Movie News & Reviews

In flashy ‘Neon Demon,’ the story is as thin as the fashion models

Elle Fanning stars in “The Neon Demon.”
Elle Fanning stars in “The Neon Demon.”

The Neon Demon, the latest mind-bender from out-there director Nicolas Winding Refn, is a two-hour fever dream about back-stabbing models whose bodies are as thin as their personalities. Sometimes it’s bizarre in a good, David Lynch-kind of way; other times, it’s bizarre for the sake of being bizarre.

Refn (Drive, Only God Forgives) gets off to a promising start with a bloody photo shoot in an austere Los Angeles studio. Cliff Martinez’s dazzling score sets a seductive, creepy tone. Then we meet aspiring model Jesse (Elle Fanning), who has been in town for two seconds before a mega-agent (Christina Hendricks, deliciously vile) tabs her as the next “It girl.”

Jesse also catches the eye of Dean (Karl Klusman), the only person with anything resembling a moral compass, and draws the ire of several ambitious models, who appear to be cast-offs from a vampire brood on True Blood. At this point, Refn is setting up a preposterously fun, if twisted, little story — or so we think.

But as Neon Demon plods on, we realize that we’re slowly going nowhere, that we’re witnessing a series of visually arresting set-pieces that are nothing else but visually arresting set-pieces. In its latter half, the movie doesn’t have a graceful way to get off the runway, so it resorts to shock value, including an embarrassing scorned-lesbian scene and a moment of necrophilia that’s there just to be there.

To be sure, Refn’s considerable flair keeps us alert with some eyeball-popping moments, and some of the actors in brief roles shine. In addition to Hendricks, Keanu Reeves stands out as a sleazy hotel manager, as does Desmond Harrington, who plays a demented photographer.

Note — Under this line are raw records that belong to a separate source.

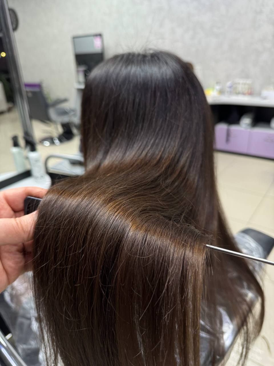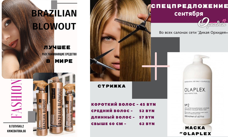 - Услуги для волос: биозавивка, выпрямление волос «Brazilian blowout», ламинирование, экранирование, пилинг кожи головы, восстановление волос «Олаплекс» , вечерние прически, укладки, макияж, калифорнийское мелирование, сложные техники окрашивания волос, модное тонирование, стрижка горячими ножницами.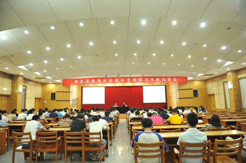 人生因读书而精彩,命运因写字而改变。6月15日,湖北交通系统著名青年作家孙宇峰受邀来我校作了一场生动别致的读书报告。此次读书报告会由校图书馆、党委办公室、学工处联合开展,近200名师生聆听了报告。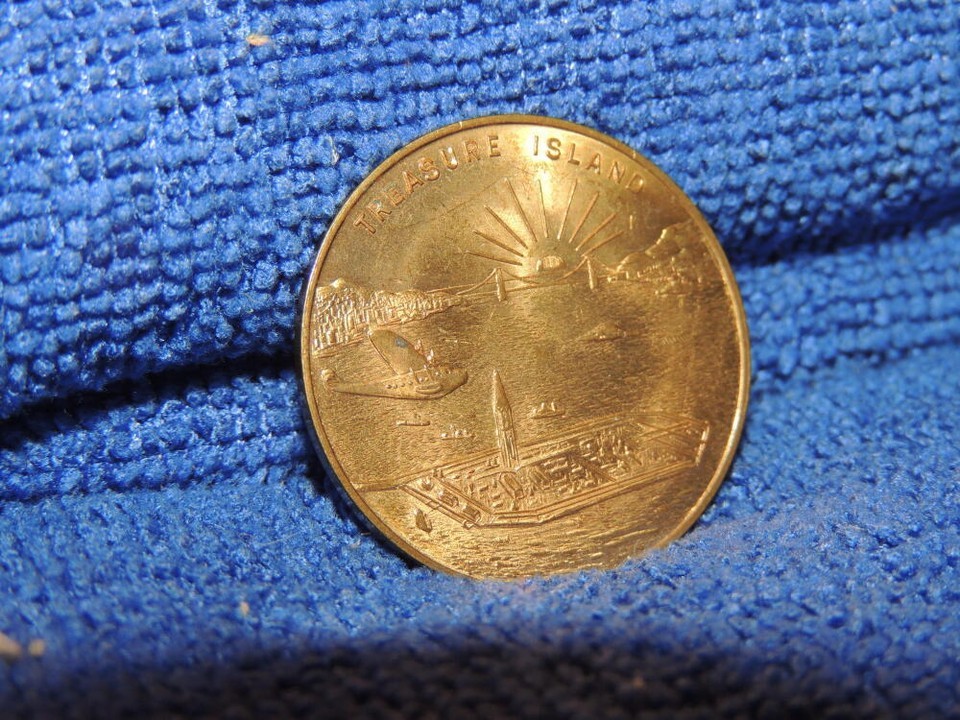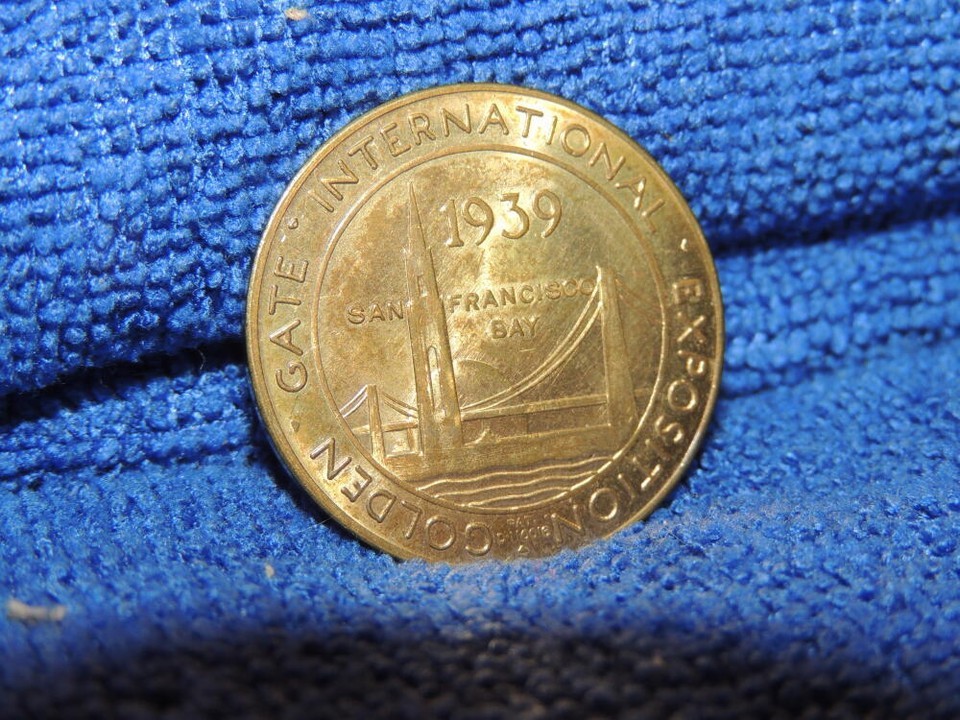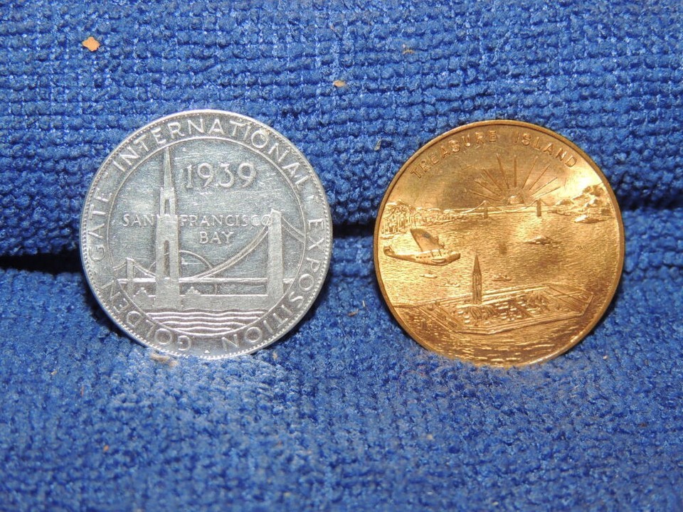 TWO TOKENS FROM THE GOLDEN GATE INTERNATIONAL EXPOSITION IN SAN FRANCISCO. ONE LOOKS BRASS / BRONZE AND IS THE TREASURE ISLAND TOKEN. THE OTHER IS ALUMINUM AND IS FOR THE UNION PACIFIC RAILROAD. I AM NOT AN ANTIQUITIES EXPERT - PLEASE LOOK AT THE PICTURES CAREFULLY.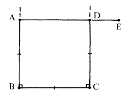 图2.7 试构造一个正方形。取∠ABC和∠BCD为直角,线段AB=BC=CD。我们要问:DA与这些线段等长吗?∠DAB和∠CDA也是直角吗?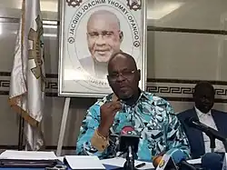 Afterward, Yhombi-Opango was the candidate of his party, the Rally for Democracy and Development (RDD), in the August 1992 presidential election, taking sixth place with 3.49% of the vote.[14] In his native Cuvette Region, he placed second, with 27% of the vote, behind Sassou Nguesso.[15] He allied with President Pascal Lissouba and Lissouba's party, the Pan-African Union for Social Democracy (UPADS), in the first round of the 1993 parliamentary election, held in May, and after the election, Lissouba appointed him as Prime Minister on 23 June 1993. The opposition contested the results, however, and a severe political dispute erupted, with the opposition setting up a rival government.[16] Yhombi-Opango resigned on 13 January 1995 so that Lissouba would be free to consult other parties in the formation of a new government; he was promptly reappointed as Prime Minister, with a new government—including four members of the opposition Union for Democratic Renewal (URD)—being named on 23 January.[17]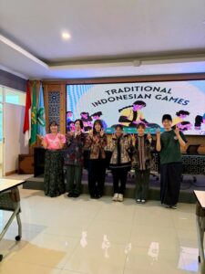 インドネシアの伝統的な衣服や遊びをご紹介いただき、実際に体験することができました。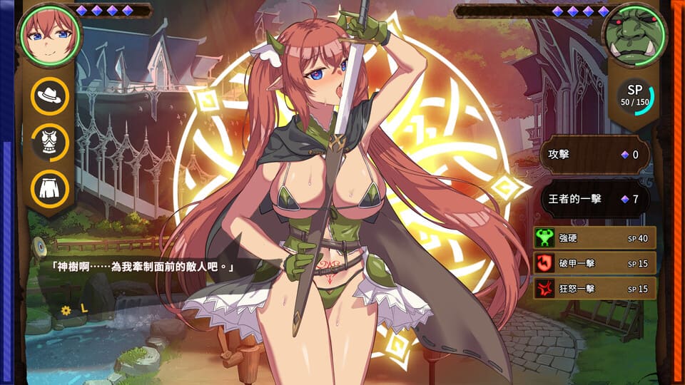▼内容为简单的2D 战斗游戏,单手就能点即操作,运用各种技能击破精灵的护甲教训她们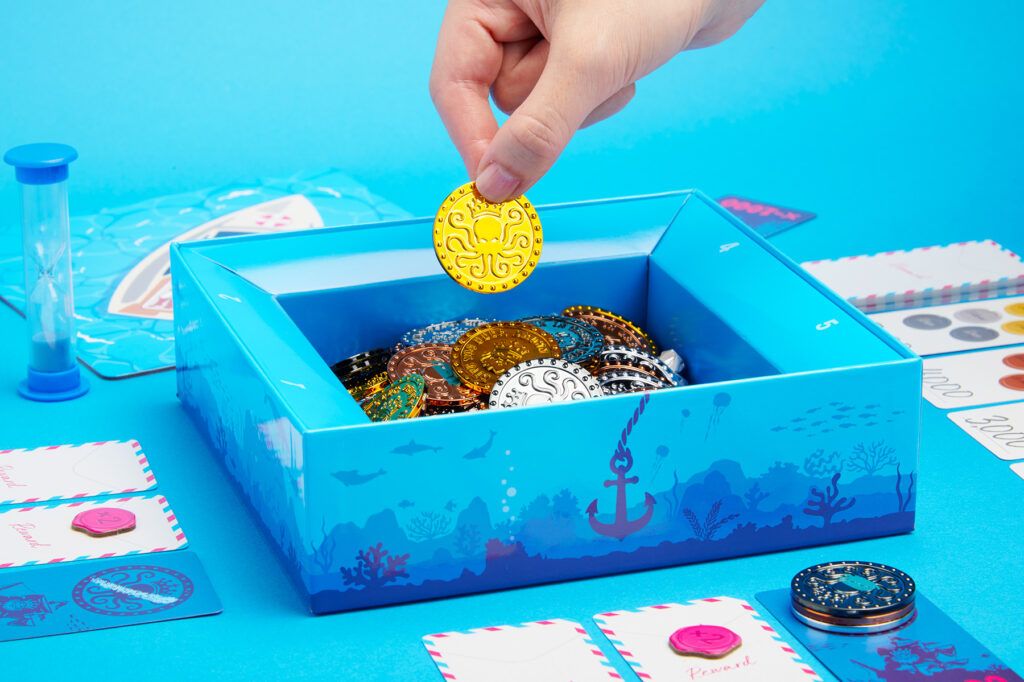視界ゼロの海中から、呪われたコインを避けて伝説のコインを拾い上げる。デザイナーは『ダレカクレタ?』『テキパキもぎもぎ』『ナルハヤのつるぎ』のましう氏。エッセン・シュピールとゲームマーケット2025秋にて先行販売された。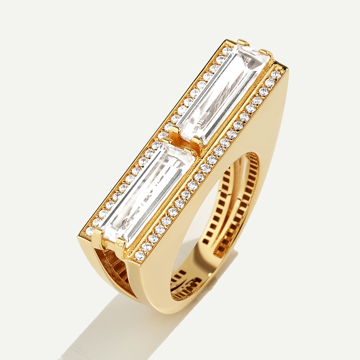 14 Ayar Altın İkili Baget Taşlı Yüzük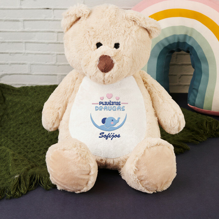 Didelis ir ypač minkštas meškiukas arba triušis, papuoštas vienu iš mūsų individualizuotų siuvinėtų raštų. Pliušinis žaislas, sudėtis: 100% poliesteris. Žaislas turi unikalų užtrauktuką, kuris leidžia išimti jo vidų ir lengvai jį išvalyti. Meškiukas saugus bet kokio amžiaus vaikams. Skalbti tik rankomis. Pliušinio žaislo aukštis: 45 cm.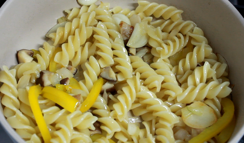 푸실리는 삶아서 익혀주고 팬에 올리브유를 두른 후 편마늘, 다진양파, 파프리카, 새송이 버섯을 넣고 볶아줍니다.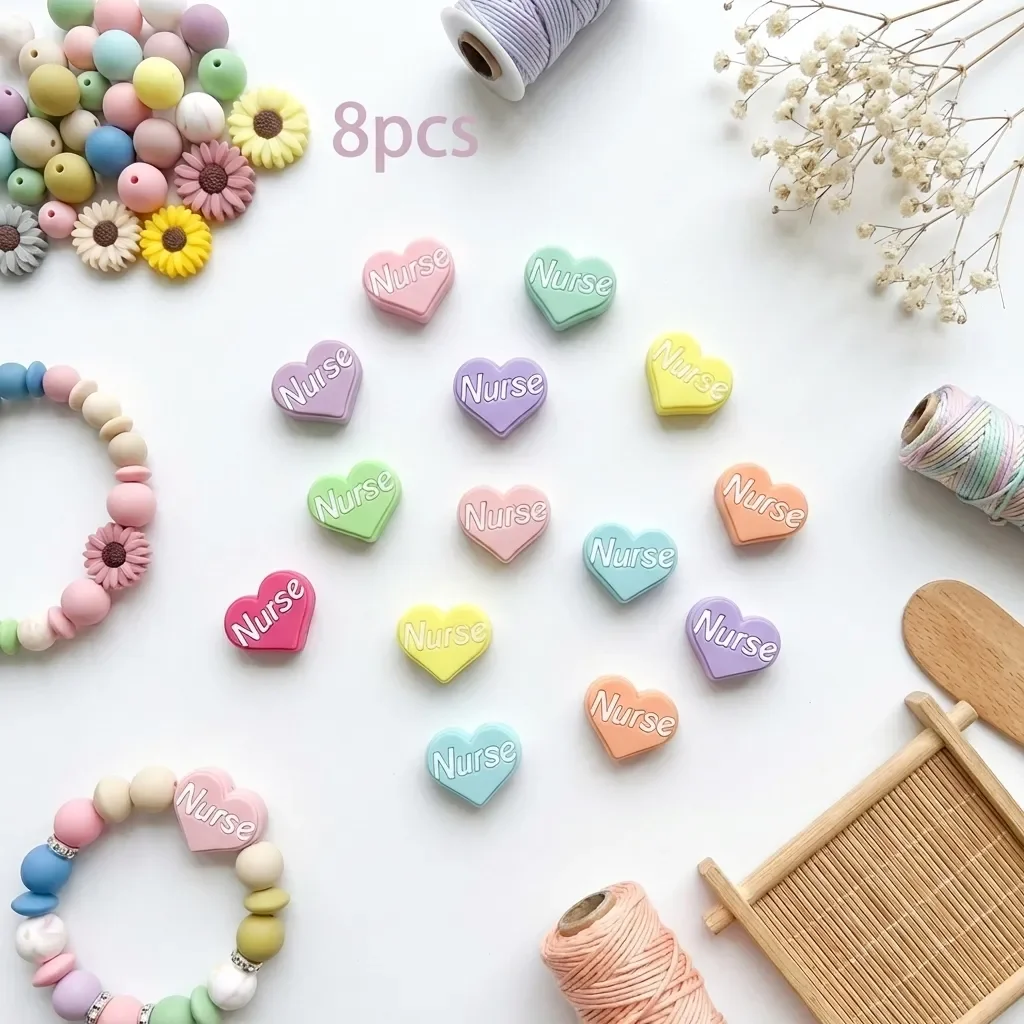 8-Color Nurse Heart-Shaped Soft Silicone Focal Beads, Perfect for Crafts & DIY Projects, Multifunctional Design for Various Appl $4.43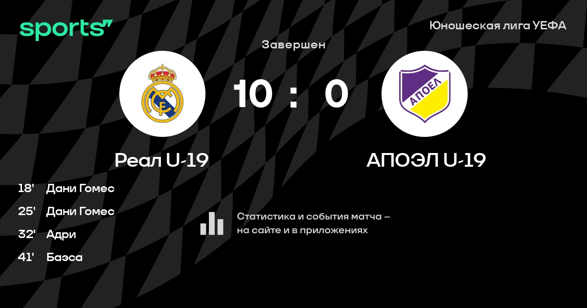 Трансляция Реал U-19 - АПОЭЛ U-19

But these pleasures can’t cover up a nagging problem: We don’t care an iota about any of these vapid models, who are props instead of characters. And the narratively challenged film seems conflicted: It critiques our obsession with models and beauty and style, even as it obsesses about those same things. There is a lot of flash but little substance.

Movie review

‘The Neon Demon’

Rated R for disturbing violent content, bloody images, graphic nudity, a scene of aberrant sexuality and language. 1:57. Fayette Mall, Richmond, Winchester, Woodhill.